BK Yoga Club’s co-founders say they continually call on their network of DEI experts and specialists to support them in areas where they are still learning and growing.

“I’ve been in this space for quite a long time, and I’m still learning new things,” concurs Davila.

Hiring – As a diversity executive, Davila acknowledges sometimes it can be challenging to find a mix of candidates due to cultural norms about fitness as an occupation. But ultimately, he says, it comes down to leadership’s commitment to the cause. Mirroring their client base, BK Yoga Club’s teaching staff includes queer and gender-nonconforming instructors and is majority Black and brown women – conscious decisions on the part of the founders.

Marketing – Davila says if a marketing plan highlights only a certain sliver of the population, anyone who isn’t a part of that group won’t feel wanted in that space. “If your message is inclusivity, if your message is body diversity, then all of that has to be representative in your advertising,” he adds.
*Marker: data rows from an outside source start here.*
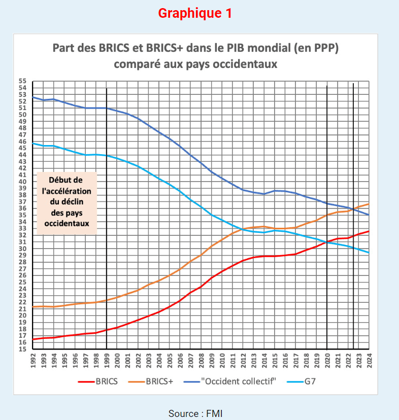L’émergence des BRICS+ symbolise l’une des possibles nouvelles structuration du monde. Le fait que les pays des BRICS+ aient été poussés à une logique de contestation ouverte du monde dominé par « l’Occident collectif », alors qu’initialement ils cherchaient juste des modifications acceptables à ce monde en dit tout autant sur la montée en puissance de ces pays que sur le manque d’intelligence des pays du G-7 qui n’ont su, et sans doute pas voulu, leur accorder la place qui leur revenait logiquement dans les institutions internationales. La logique d’affrontement actuelle est largement le produit de cette incapacité, ou de cette mauvaise volonté.
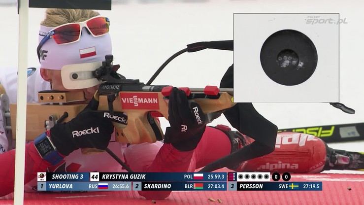 Krystyna Guzik: Nie do końca jest radość, bo czuję przykrość, iż na drugim „leżaku” miałam ten jeden błąd. Była szansa, aby dobrze strzelić, ale zawiewało śniegiem i jeden drobinek wpadł mi w przyrządy. Musiałem je przedmuchać, aby widzieć obraz, i to wybiło mnie z rytmu strzeleckiego. Miałam mniej czasu, aby przygotować się do drugiego strzału. No i on był spudłowany. Trener powiedział mi, że to był strzał na krawędzi, czasami takie „zamykają się”. Mi się jednak nie zamknął… Szansa przepadła.
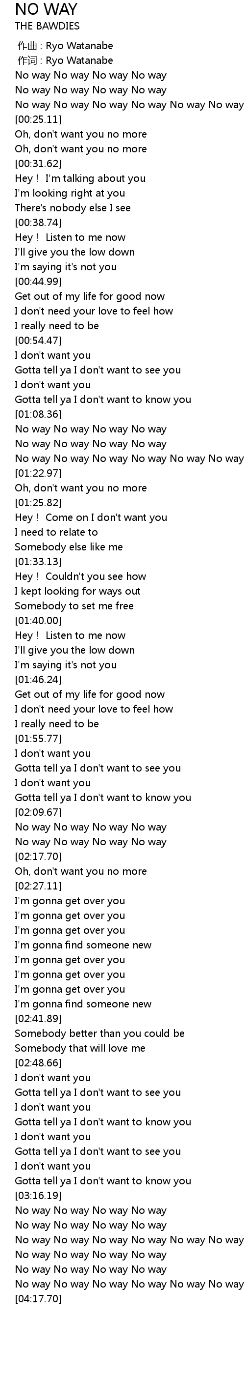 | [01:08.36] | No way No way No way No way |
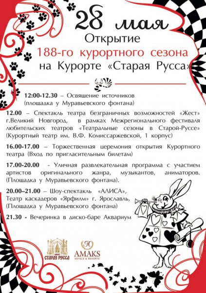 - 12:00 - Спектакль театра безграничных возможностей «Жест» г. Великий Новгород, в рамках Межрегионального фестиваля любительских театров «Театральные сезоны Старой Руссе» (Курортный театр им. В.Ф. Комиссаржевской, 1 корпус);

Merchandise – Businesses that sell apparel should also be mindful of the sizes available. Davila’s research has found sizing exclusivity or inclusivity has a “significant” impact on clients’ image of that space and whether they stay. As Davila’s focus groups told him, “if you’re not showing me that you’re different, if you’re not showing me that you want me here, I’m not going to spend my money here.”

Language – Language also matters, from how instructors address their students to the music played in class. Since fitness spaces have historically used gendered language, Davila says it takes some work to unlearn and practice using the right alternatives. BK Yoga Club’s founders say they consciously use empowering, gender-neutral language in class and don’t teach chanting out of respect for yoga’s roots in a culture different from their own.
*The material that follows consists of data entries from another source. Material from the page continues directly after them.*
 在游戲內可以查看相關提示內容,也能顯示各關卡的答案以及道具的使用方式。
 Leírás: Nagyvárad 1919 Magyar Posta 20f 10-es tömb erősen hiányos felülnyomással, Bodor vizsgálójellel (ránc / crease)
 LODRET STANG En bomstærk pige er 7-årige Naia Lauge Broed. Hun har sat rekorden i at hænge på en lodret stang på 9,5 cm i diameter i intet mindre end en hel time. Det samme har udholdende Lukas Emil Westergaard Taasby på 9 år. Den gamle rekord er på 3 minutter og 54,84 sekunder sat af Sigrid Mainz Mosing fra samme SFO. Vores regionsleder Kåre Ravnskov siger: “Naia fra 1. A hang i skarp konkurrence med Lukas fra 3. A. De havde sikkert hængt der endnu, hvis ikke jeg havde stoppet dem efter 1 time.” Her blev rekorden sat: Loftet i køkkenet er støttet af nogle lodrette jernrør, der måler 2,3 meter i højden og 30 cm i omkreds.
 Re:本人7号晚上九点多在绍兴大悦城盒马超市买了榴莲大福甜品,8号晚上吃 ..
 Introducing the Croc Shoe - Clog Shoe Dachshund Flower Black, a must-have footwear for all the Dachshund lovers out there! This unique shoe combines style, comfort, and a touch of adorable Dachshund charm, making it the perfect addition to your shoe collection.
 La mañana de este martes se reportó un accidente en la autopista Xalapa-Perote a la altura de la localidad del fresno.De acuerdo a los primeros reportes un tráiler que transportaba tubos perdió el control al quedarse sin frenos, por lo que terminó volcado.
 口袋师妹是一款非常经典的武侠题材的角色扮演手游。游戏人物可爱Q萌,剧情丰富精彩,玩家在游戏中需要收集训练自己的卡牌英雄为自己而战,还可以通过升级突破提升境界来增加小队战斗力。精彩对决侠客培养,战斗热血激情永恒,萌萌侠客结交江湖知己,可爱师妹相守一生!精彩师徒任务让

Accessibility – The rise of online classes in the pandemic has opened a new world of opportunities for gyms and studios as well as customers. Through their digital platforms, BK Yoga Club’s reach has expanded across the country and parts of Europe, South America, and the Pacific islands. Virtual options can be more convenient for clients who don’t feel comfortable attending in-person, need more flexibility in their schedule, or live too far away. Online options may also be offered at lower price points than in-studio classes, where the cost can be a deterrent for many.

“I think the fitness industry is actually in an ideal position right now to be more inclusive because you have a lot more digital platforms,” Davila says. “If spaces are smart then online classes are going to remain after the pandemic, whenever that is.”